World Antibiotic Awareness Week, 13-19 November 2017

“Antibiotics do not treat viral infections like colds and flu.” GIF used with permission from the WHO

“Antibiotics do not treat viral infections like colds and flu.” GIF used with permission from the WHO

The Be Antibiotics Aware platform provides an overview of antibiotic awareness. The Global Week of Antibiotic Awareness aims at increasing knowledge of the population, medical personnel and politicians, about resistance to antibacterial medications.

For this week's World Antibiotic Awareness Week (13-19 November 2017), researchers at IDS and Future Health Systems have published new research on Antimicrobial resistance and universal health coverage the global investment needed to build resilient health systems in order to address growing drug resistance long-term.

The walk began at NIH gate and ended at the entrance gate leading towards Park Road.

The research comes on the back of Public Health England's (PHE) recent "Keep Antibiotics Working" campaign, aimed at stopping a potential "post-antibiotic apocalypse" caused by too many diseases gaining resistance. In 2015, the state passed legislation to ban the use of medically important antibiotics on healthy animals raised in California, unless prescribed by a veterinarian.

According to Doctor Farah the need for antibiotic use can further be reduced by ensuring that all vaccinations are up to date.

WHO | World Antibiotic Awareness Week, 13-19 November 2017
Council highlights taking antibiotics when you don't need them puts you and your family at risk

Though the United States has made progress toward optimal prescribing and use of antibiotics for patients, there is still room for improvement.

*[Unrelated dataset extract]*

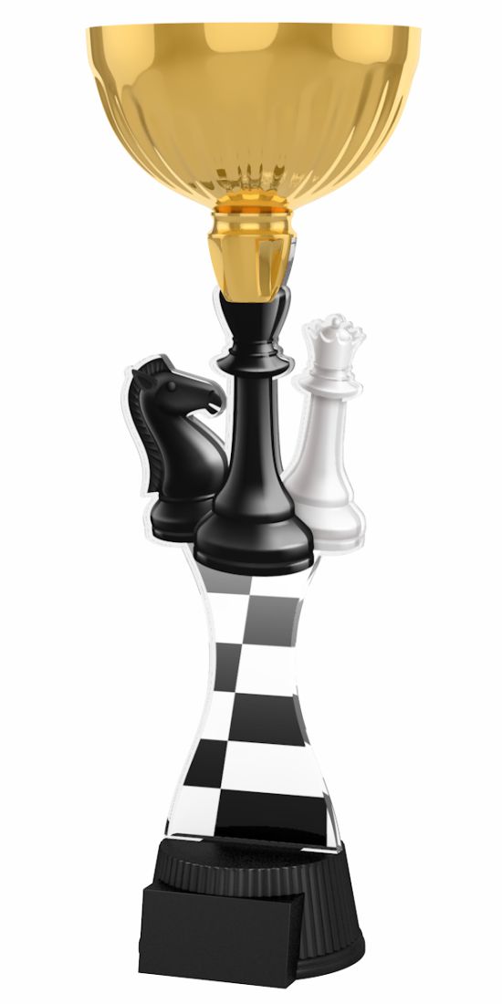 Akrylátová trofej. V ceně trofeje není zahrnuta cena štítku. Akrylátový motiv 0.6 cm. Zlatý kalich. Výšky trofejí jsou orientační. Oboustranný tisk.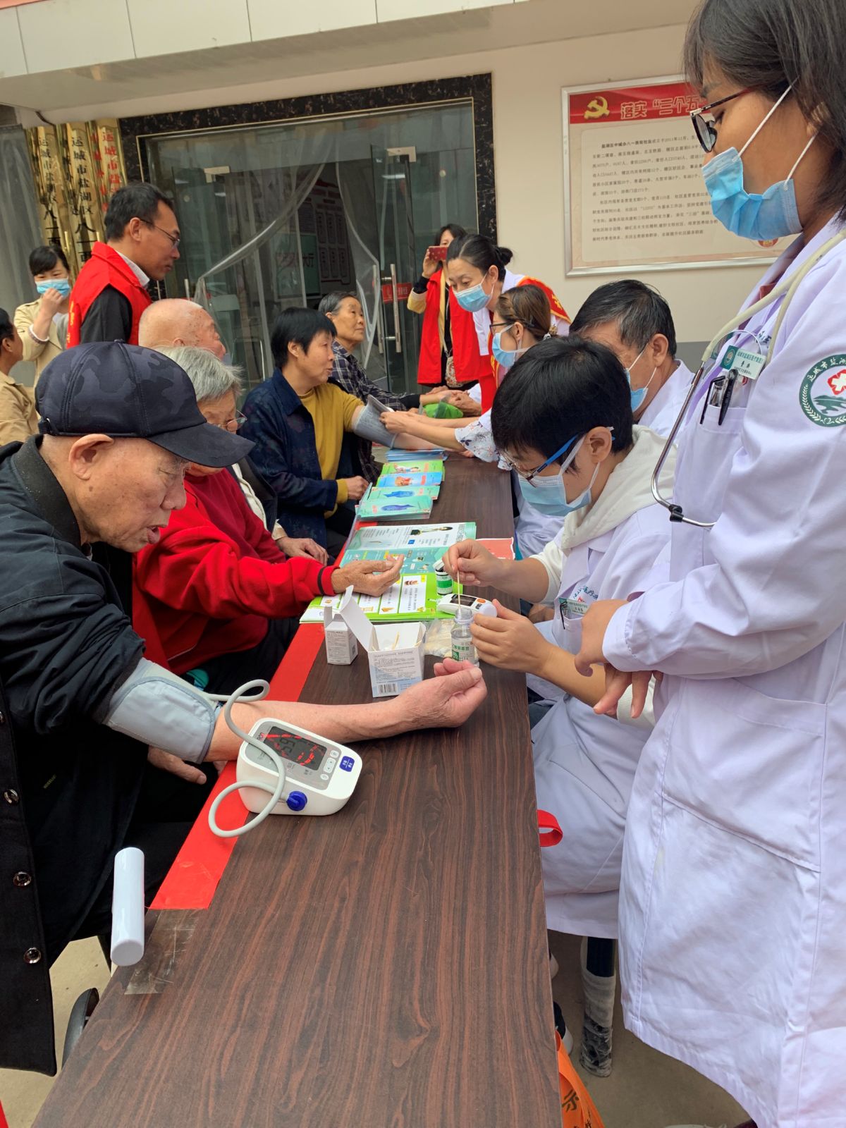 近日,盐湖区中城社区服务中心的医护人员在为老年人测量血压、血糖。

In the US, the overuse of antibiotics in food animals, and the resulting growth of superbugs, leads each year to at least 2 million infections that are getting harder to treat and 23,000 deaths, according to the Centers for Disease Control and Prevention. The CDC says antibiotics are among the most commonly prescribed drugs used in human medicine, but estimates up to 50 percent prescribed for people are not needed or are not optimally effective as prescribed. They also have side effects, and may do more harm than good. "CDC encourages healthcare professionals and patients to talk through the best ways to feel better and what treatment options are most effective".

The National Infections Prevention Control of the World Health Organization, Moses Bolongei, notes that over and under usage of antibiotic leads to its resistance, saying that we should always follow the complete dose of the health care worker, and reminds that though Ebola is over, but the process of washing hands should not be over.

The promotion of smart use of antibiotics is a priority in Arkansas and worldwide.